Revenues of $269.7 million, including variable and fixed fee arrangements, were recognized during the year ended March 31, 2025 from performance obligations satisfied prior to March 31, 2024. These revenues were primarily associated with the distribution of television and theatrical product in electronic sell-through and video-on-demand formats, and to a lesser extent, the distribution of theatrical product in the domestic and international markets related to films initially released in prior periods.

Accounts Receivable, Contract Assets and Deferred Revenue

The timing of revenue recognition, billings and cash collections affects the recognition of accounts receivable, contract assets and deferred revenue (see Note 1). See the consolidated balance sheets or Note 19 for accounts receivable, contract assets and deferred revenue balances at March 31, 2025 and 2024.

Accounts Receivable.
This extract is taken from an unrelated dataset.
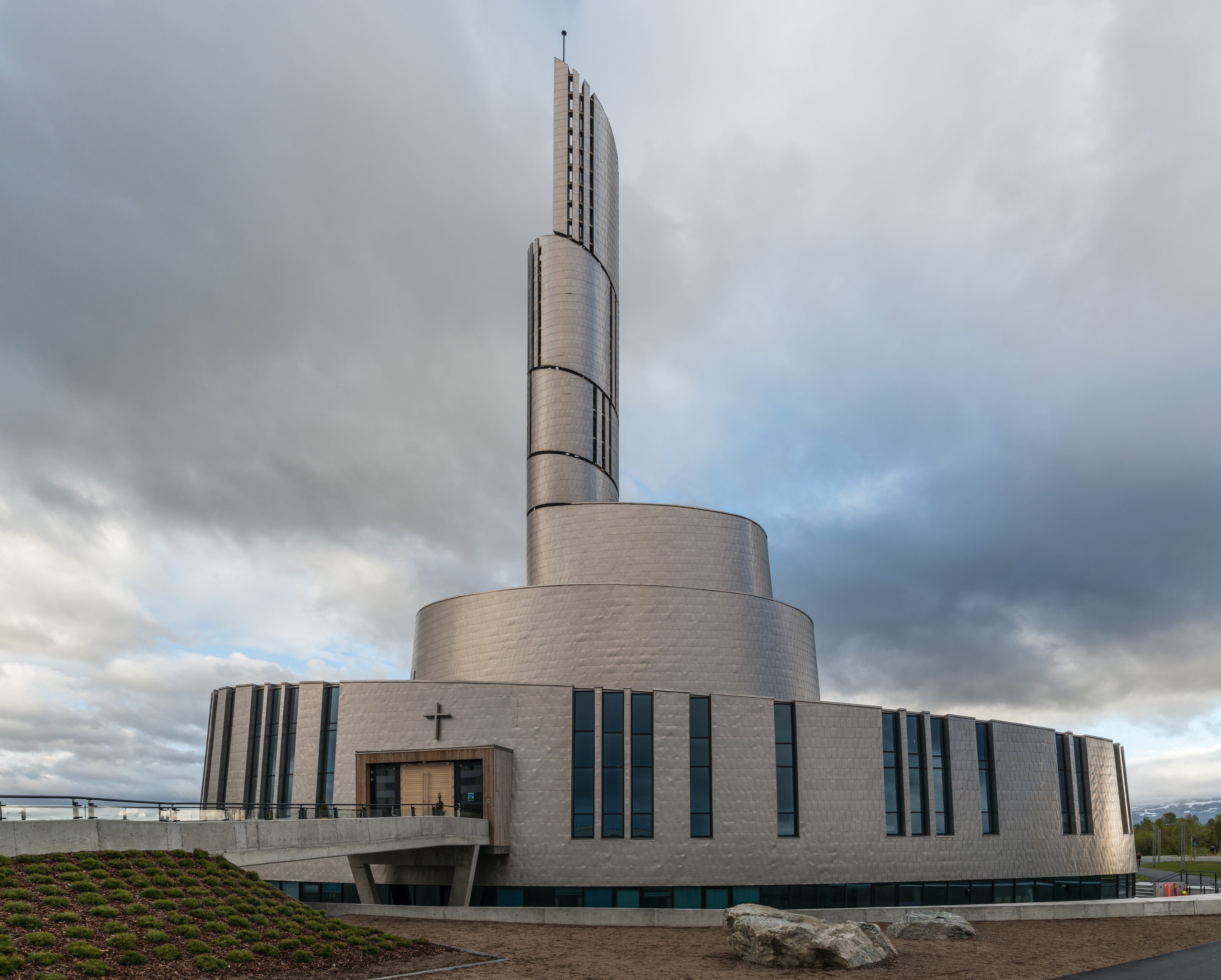 A northeast view of Nordlyskatedralen, Alta

Accounts receivable are presented net of estimated credit losses. The Company estimates credit losses for accounts receivable based on historical experience for the respective risk categories and current and future expected economic conditions. To assess collectability, the Company analyzes market trends, economic conditions, the aging of receivables and customer specific risks, and records an allowance for estimated credit losses expected over the lifetime of the receivables in direct operating expense.

The Company performs ongoing credit evaluations and monitors its credit exposure through active review of customers' financial condition, aging of receivable balances, historical collection trends, and expectations about relevant future events that may significantly affect collectability. The Company generally does not require collateral for its trade accounts receivable.
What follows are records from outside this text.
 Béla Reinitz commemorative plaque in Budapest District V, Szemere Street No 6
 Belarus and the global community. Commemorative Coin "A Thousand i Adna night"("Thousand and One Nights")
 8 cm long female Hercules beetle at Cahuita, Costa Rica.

Changes in the allowance for accounts receivable consisted of the following:
March 31, 2024Recoveries
Other(1)
Uncollectible accounts written-offMarch 31,
2025
(Amounts in millions)
Provision for credit losses$7.2 $(1.9)$2.5 $(1.7)$6.1 
_______________________
(1)Represents a measurement period adjustment to the fair value of accounts receivable acquired in the acquisition of eOne (see Note 2).
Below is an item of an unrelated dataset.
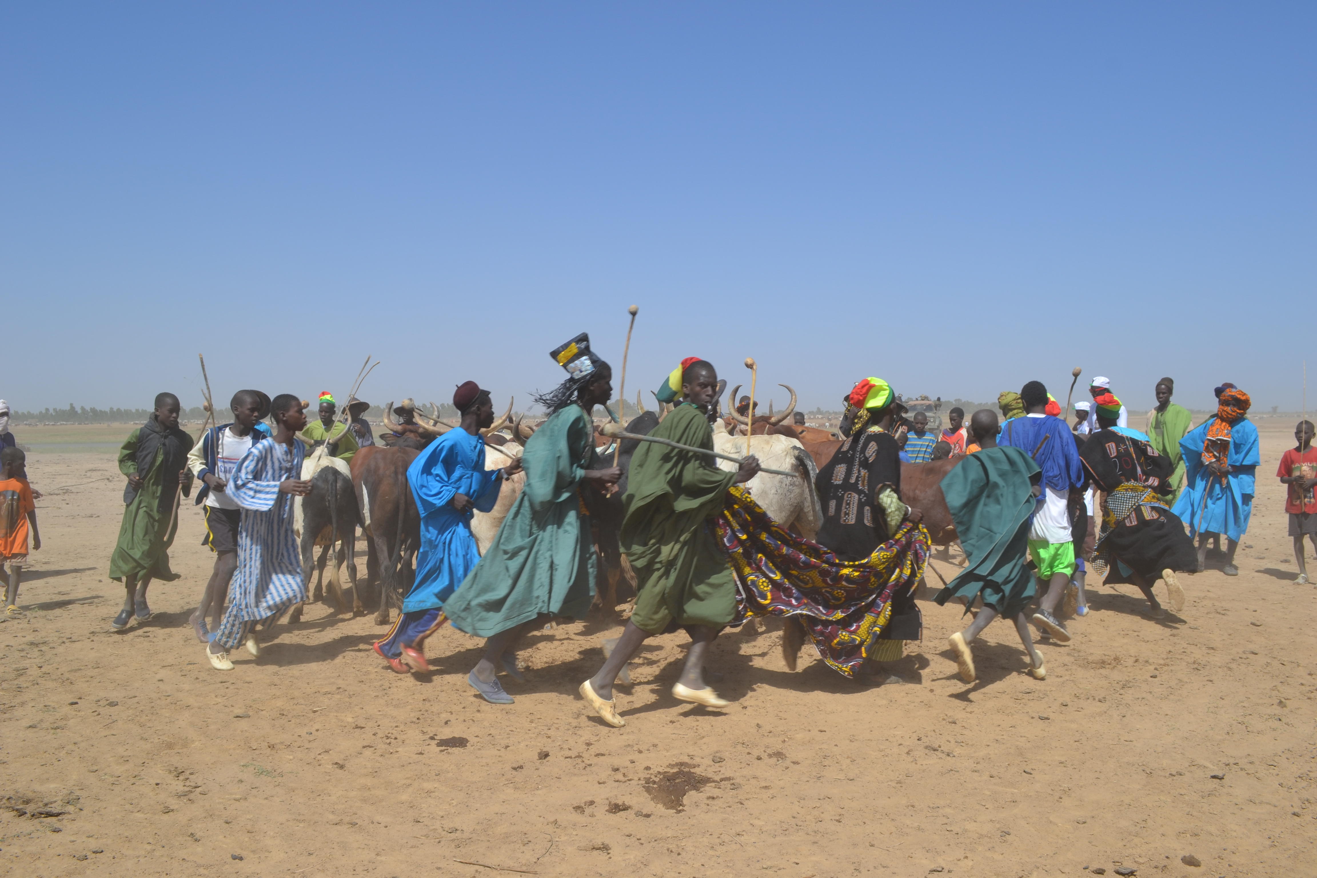 This picture shows foulany dansing around cows in Mali Bamanankan: Nin ja in bɛ fulaw dɔkɛtɔ jira u ka misiw dafɛ Mali la This is an image from Mali

Contract Assets. Contract assets relate to the Company’s conditional right to consideration for completed performance under the contract (e.g., unbilled receivables). Amounts relate primarily to contractual payment holdbacks in cases in which the Company is required to deliver additional episodes or seasons of television content in order to receive payment, complete certain administrative activities, such as guild filings, or allow the Company's customers' audit rights to expire. See Note 19 for contract assets at March 31, 2025 and 2024.
Deferred Revenue. Deferred revenue relates primarily to customer cash advances or deposits received prior to when the Company satisfies the corresponding performance obligation. Deferred revenue as of March 31, 2025 increased as compared to March 31, 2024 due to the receipt of customers’ payments for certain motion pictures and television programs prior to the Company satisfying the corresponding performance obligation (i.e., completion and delivery of the motion pictures and television programs, and the start of the customers' exploitation rights). The change in deferred revenue was also impacted by the industry strikes which has affected the timing of content deliveries. Revenues of $180.2 million were recognized during the year ended March 31, 2025, related to the balance of deferred revenue at March 31, 2024.